I could go on, and I think I will. There was a restaurant car with a varied menu, masses of luggage space, reading lights, tray tables, baby changing rooms, phones, sockets for laptops and phone chargers, and even meeting areas at the ends of each carriage.
So anyway, the train was good and the views were great as we rocketed through the Rhone-Alpes and Bourgogne regions. The weather was improving too. I was quite startled to find that I could understand signs and announcements – I have studied French in the past, and after a month of at best knowing how to say “Thankyou”, “Yes”, and “No”, it was nice to be able to ask someone the time and understand the reply.
I arrived in Paris at Gare du Lyon at about 5pm, but needed to be at Gare du Nord for the Eurostar service to London. Four legs completed, and home was getting closer. I bought a ticket for the next train to London and another for the Paris metro, and left the station, immediately searching for a metro entrance.

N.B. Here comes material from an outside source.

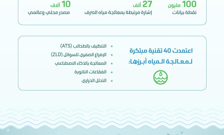 اعتمدت وزارة البيئة والمياه والزراعة (40) تقنية مبتكرة لمعالجة المياه وإعادة استخدامها أبرزها: التنظيف بالطحالب (ATS)، الفقاعات النانوية، الإفراغ الصفري للسوائل (ZLD)، والتحلل الحراري، والمعالجة المدعومة بالذكاء الاصطناعي، وذلك من خلال تحليل أكثر من (10) آلاف مصدر محلي وعالمي، شمل منشورات علمية وبراءات اختراع وتقارير قطاعية وأخبار، ومتابعة أكثر من (100) مليون نقطة بيانات.
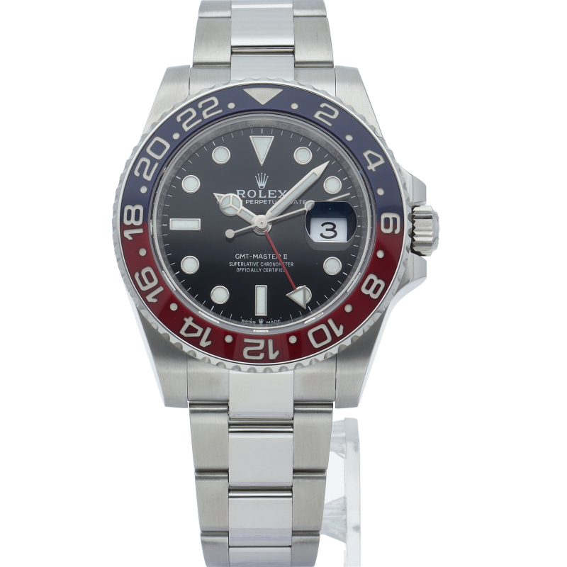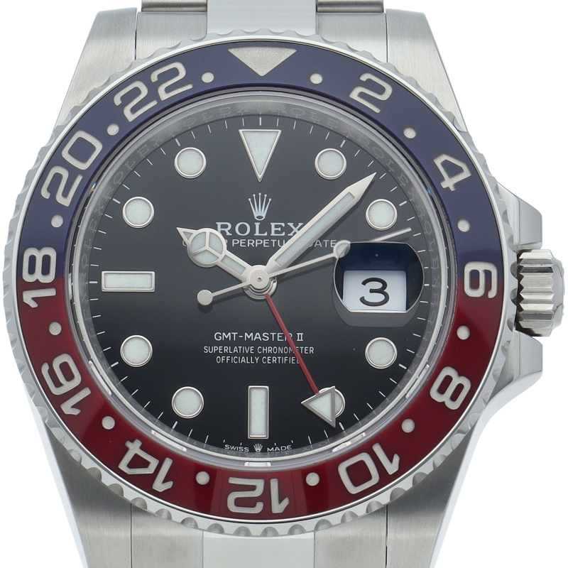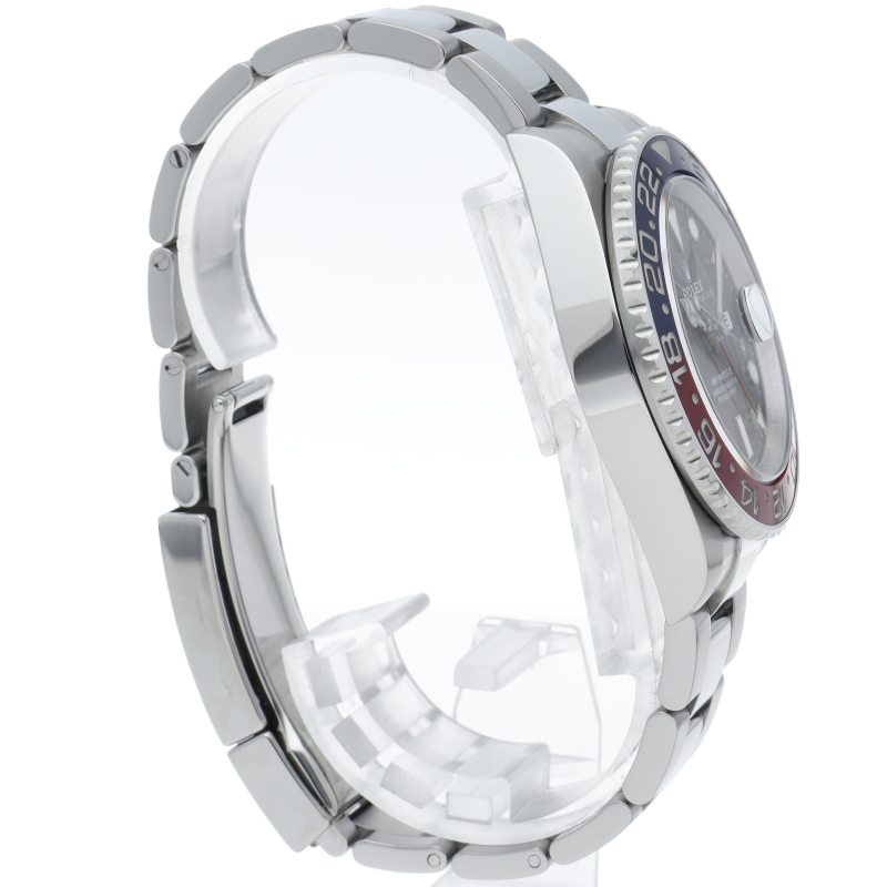 ロレックス人気モデル「GMTマスター2」のモデルチェンジした新型モデルです。セラミックベゼルにブレスやバックルも新しくなり高級感が更に増した1本です。

I stopped. I was now so caught up in the journey, I had forgotten the significance of where I was. Paris – hadn’t been here since I was at primary school, not counting a family holiday to Disneyland a few years ago. I briefly considered trying to walk to Gare du Nord, so I could have at least a glimpse of the city before I had to leave. But I spotted the metro entrance and realised that I was still on a tight timetable. Paris would have to wait for another day.
The metro was the fifth train I would take today. Now practically on autopilot, I rapid sought maps, identified signs and worked out the route. My ticket was accepted into the automatic gate and I descended into the Paris underground.
Gare du Nord provided yet another maze of signs and procedures, this time more complicated for the airline-style check in, security check and passport control. Eurostar left on time, bound for the channel tunnel and ultimately London.
I emerged from the Eurostar terminal at Waterloo a tired veteran of my six-leg journey, but I still had one more connection to make. At 9pm, I caught my last train, a suburban service I use all the time to get in and out of central London, a familiar 40-minute trip that I make at least once a month.
It had taken 21½ hours to get from a hotel in Florence to my front door in London. It could have been done in two by plane, but this was a rail adventure from start to finish, and to fly would have been cheating.